Зеленые холмы Винланда
Шрифт:
– Не нет, а да!
Долго б еще препирались, когда бы не старица Берит. Объявилась, как всегда, будто из-под земли – только что их трое было, Сивел с Ленком да Белян, и вдруг вот она, старица…
– Брани быть, воин, – скрипнула, глядя жутко в глаза Беляну. – Поберегись.
– Кого беречься, Берит? Каких чужих?
– Не чужих. Своих. Так вижу… – сказала и побрела далее по берегу, будто и не сказала ничего.
Сивел, будучи горяч, окликнул грубо – ухом не повела. Он было вдогонку бросился – пусть растолкует, ведьма!
– Не надо, братка. Все равно больше, чем сказала, не скажет. Да и так много сказала. Теперь мыслить надо.
* * *
Помыслили сообща – новгородцы и примкнувший к ним Ньял. Спросили и у него, не знает ли чего нового? Тот сказал, что толком-то ничего, но…
В общем, порешили ночь не спать, хоть и показать остальным, что сон их морит. Улеглись на покой. Храпели изрядно. А чего ж не похрапеть всласть, когда на башенке караул надежный – Тили-обжора в дозор встал! А после него – Гру-корсар. Потом – Канут-кубарь. Все свои…
Через час завозился на своем ложе Сивел, приподнялся, на двор подался тишком – вроде до ветру. Только за ним дверь закрылась, как приподнялись и Гру-корсар, и Канут-кубарь. Да и остальные исландцы копошиться принялись неслышно.
Тут-то Белян, у дверей лежавший, храп прервал, сел твердо, на колени меч положив:
– Куда собрались, други?
Други? Или недруги?
– Так мы это… до ветру, – буркнул Гру-корсар. – Сивелу можно, а нам нельзя?
Видно, что лукавил, и сам понимал, что видно это.
– Всем сразу в одночасье приспичило? – хмыкнул Ленок, подле Беляна расположившийся. А тот взялся покрепче за рукоятку меча. – Или рыбы тухлой наелись?

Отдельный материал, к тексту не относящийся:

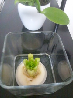 切り落とされたカブはこのように水につけて育てようと思います
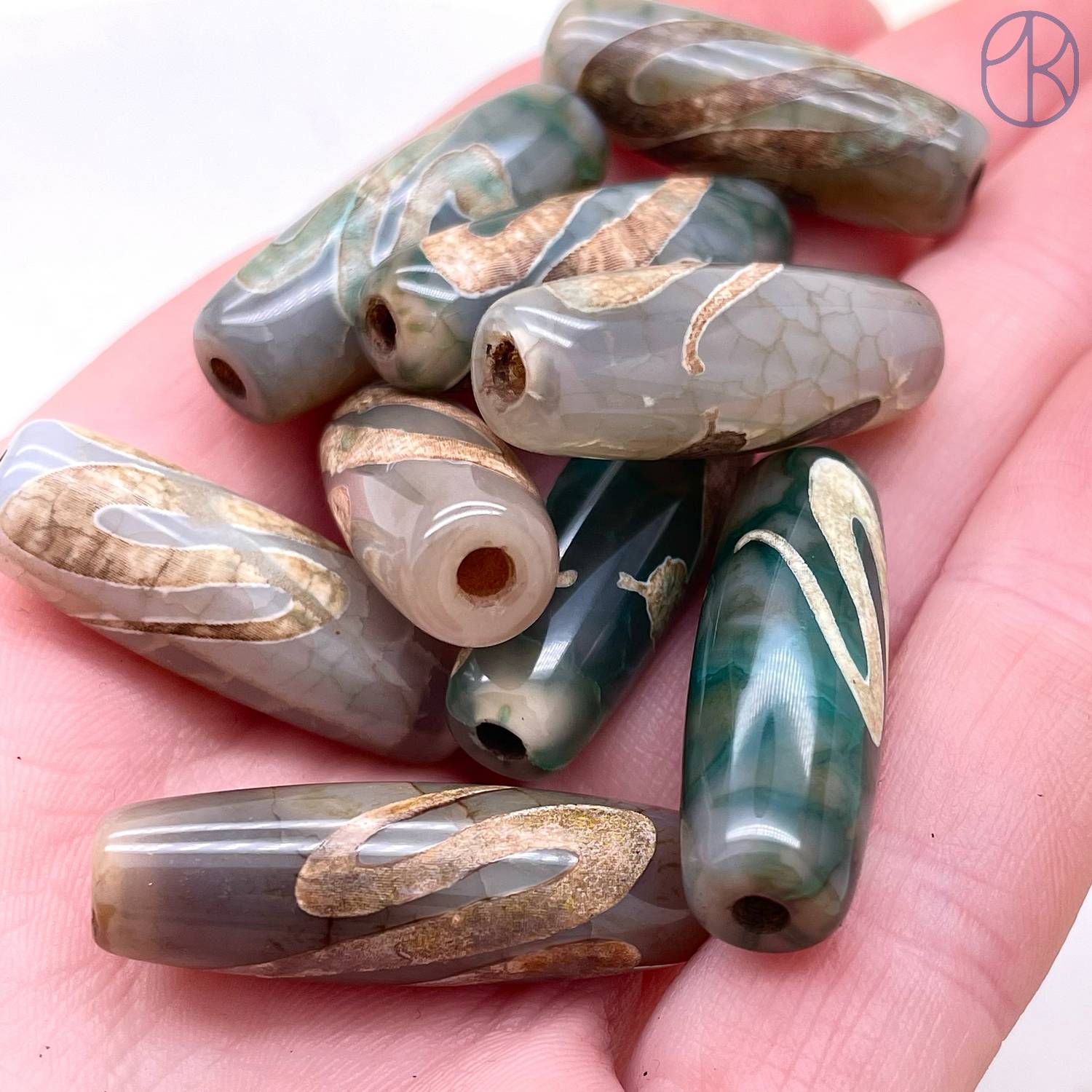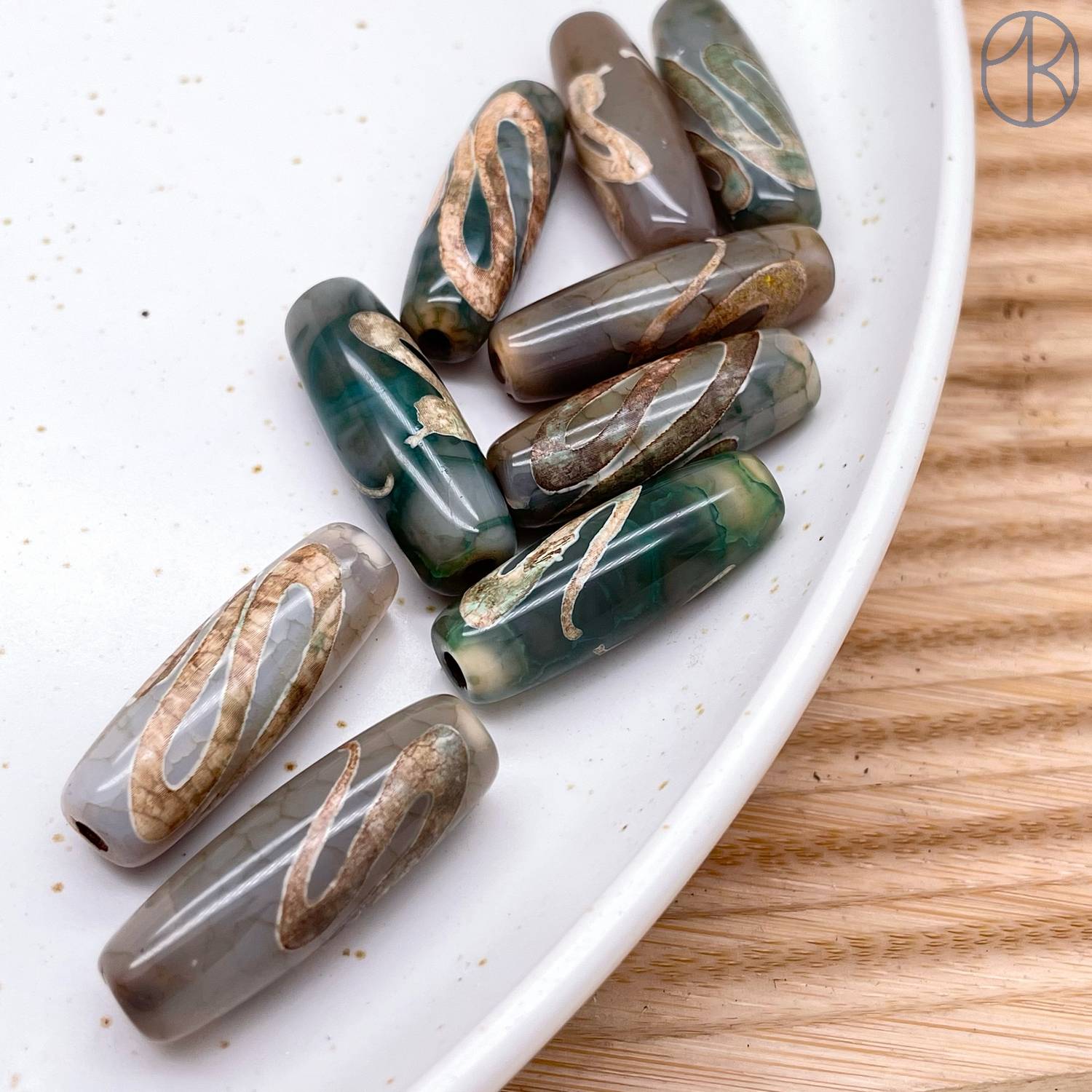 Бусина Дзи Змея серо-зеленый бочонок 30х11 мм

– Или рыбы… – упавшим голосом откликнулся Канут-кубарь.
– Ну и потерпите.
* * *
Сивел тем временем по-звериному тихо прокрался вдоль частокола, в тени. На башенку сторожевую взглянул исподтишка. Мерцал огонек на башенке. В сторону моря мерцал.
Сивел не окликнул Тили-обжору, так же по-звериному тихо вскарабкался по лестнице на башенку. Высунулся на площадку по плечи, оставаясь на ступеньке.
Тили был спиной к нему, в ладони – плошка с жиром рыбьим и фитильком зажженным. Тили то прикрывал огонек полой плаща, то открывал. Сигналил? Кому? В море вдруг тоже вспыхнул огонек. И погас. И снова вспыхнул. Не далее чем в миле от берега.
Тили, высунув язык от усердия, сигналил и сигналил. Наконец, двумя пальцами загасил тлеющий фитилек, размахнулся и забросил плошку за частокол. Дело сделано! Что за дело?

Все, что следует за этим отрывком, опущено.